(GIVEN INFORMATION)
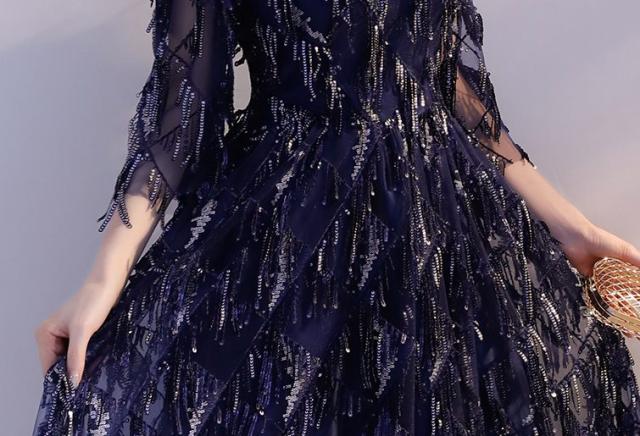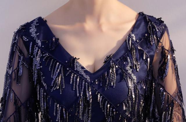 ビーズフリンジ万遍なく付くフレアシルエットパーティードレス。
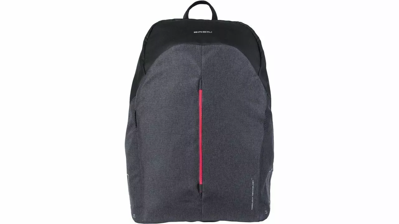 Beim B-Safe Backpack von BASIL handelt es sich um einen auffälligen Rucksack mit einigen innovativen Raffinessen und einem geräumigen Volumen von 18 l. Der Fahrradrucksack ist Fahrradtasche und Rucksack in einem. Die Tasche hat mit einem nicht sichtbaren Reißverschluss und einigen verborgenen Fächern eine effektive Anti-Diebstahl-Konstruktion. Ihre Gegenstände können Sie also diebstahlsicher transportieren. <br><br>In die Tasche passt ein 15.6-Laptop oder -iPad. Auch ein Ladegerät für das E-Bike und andere kleine Accessoires passen in die Tasche. Ausweis oder Fahrkarte sind im verdeckten Fach am Schulterriemen griffbereit und sicher untergebracht. Darüber hinaus können Sie am integrierten USB-Port Ihr Smartphone aufladen.<br>/> <br>/> Eine weitere intelligente Funktion ist die LED-Beleuchtung an der Vorderseite der Tasche (Nordlicht Technology). Diese dient als praktische Zusatzbeleuchtung, ersetzt jedoch in keiner Weise die gesetzlich vorgeschriebene Fahrradbeleuchtung.<br><br>Für optimalen Tragekomfort hat der Rucksack eine gepolsterte Rückseite und gepolsterte Schulterriemen. Mit dem Hook-On-System lässt sich die Tasche ganz einfach am Gepäckträger des Fahrrads oder E-Bikes einhängen. Durch den Transport des Rucksacks auf dem Gepäckträger statt auf dem Rücken erspart man sich einen schweißnassen Rücken.<br>Das Gewicht der Tasche ist auf dem Gepäckträger ein Stück nach unten verlagert, wodurch das Rad an Stabilität und damit auch an Sicherheit gewinnt.
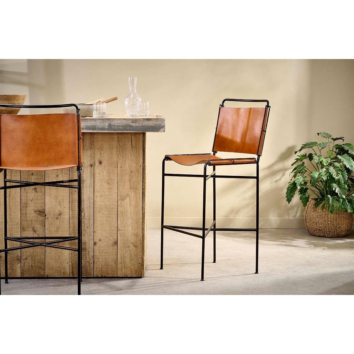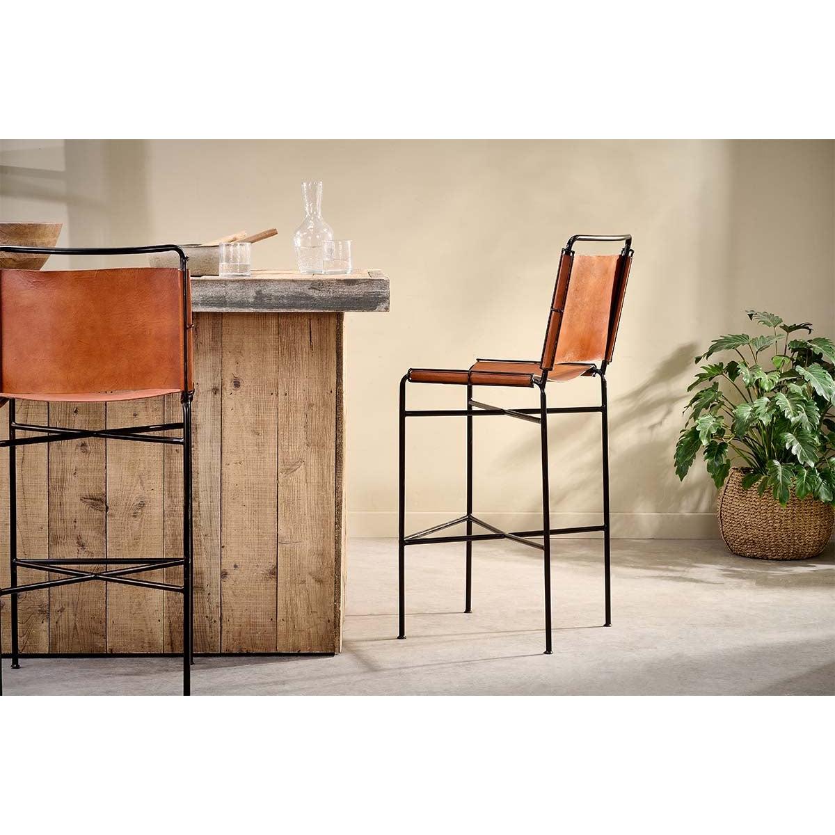 Nkuku Nirmi Leather Sling Back Bar Chair | Furniture | Tan
(End GIVEN INFORMATION)
Wherever a picture appears in the data, please drop it and retype the rest exactly.

→ RESULT OF THIS TASK:
 ビーズフリンジ万遍なく付くフレアシルエットパーティードレス。
 Beim B-Safe Backpack von BASIL handelt es sich um einen auffälligen Rucksack mit einigen innovativen Raffinessen und einem geräumigen Volumen von 18 l. Der Fahrradrucksack ist Fahrradtasche und Rucksack in einem. Die Tasche hat mit einem nicht sichtbaren Reißverschluss und einigen verborgenen Fächern eine effektive Anti-Diebstahl-Konstruktion. Ihre Gegenstände können Sie also diebstahlsicher transportieren. <br><br>In die Tasche passt ein 15.6-Laptop oder -iPad. Auch ein Ladegerät für das E-Bike und andere kleine Accessoires passen in die Tasche. Ausweis oder Fahrkarte sind im verdeckten Fach am Schulterriemen griffbereit und sicher untergebracht. Darüber hinaus können Sie am integrierten USB-Port Ihr Smartphone aufladen.<br>/> <br>/> Eine weitere intelligente Funktion ist die LED-Beleuchtung an der Vorderseite der Tasche (Nordlicht Technology). Diese dient als praktische Zusatzbeleuchtung, ersetzt jedoch in keiner Weise die gesetzlich vorgeschriebene Fahrradbeleuchtung.<br><br>Für optimalen Tragekomfort hat der Rucksack eine gepolsterte Rückseite und gepolsterte Schulterriemen. Mit dem Hook-On-System lässt sich die Tasche ganz einfach am Gepäckträger des Fahrrads oder E-Bikes einhängen. Durch den Transport des Rucksacks auf dem Gepäckträger statt auf dem Rücken erspart man sich einen schweißnassen Rücken.<br>Das Gewicht der Tasche ist auf dem Gepäckträger ein Stück nach unten verlagert, wodurch das Rad an Stabilität und damit auch an Sicherheit gewinnt.
 Nkuku Nirmi Leather Sling Back Bar Chair | Furniture | Tan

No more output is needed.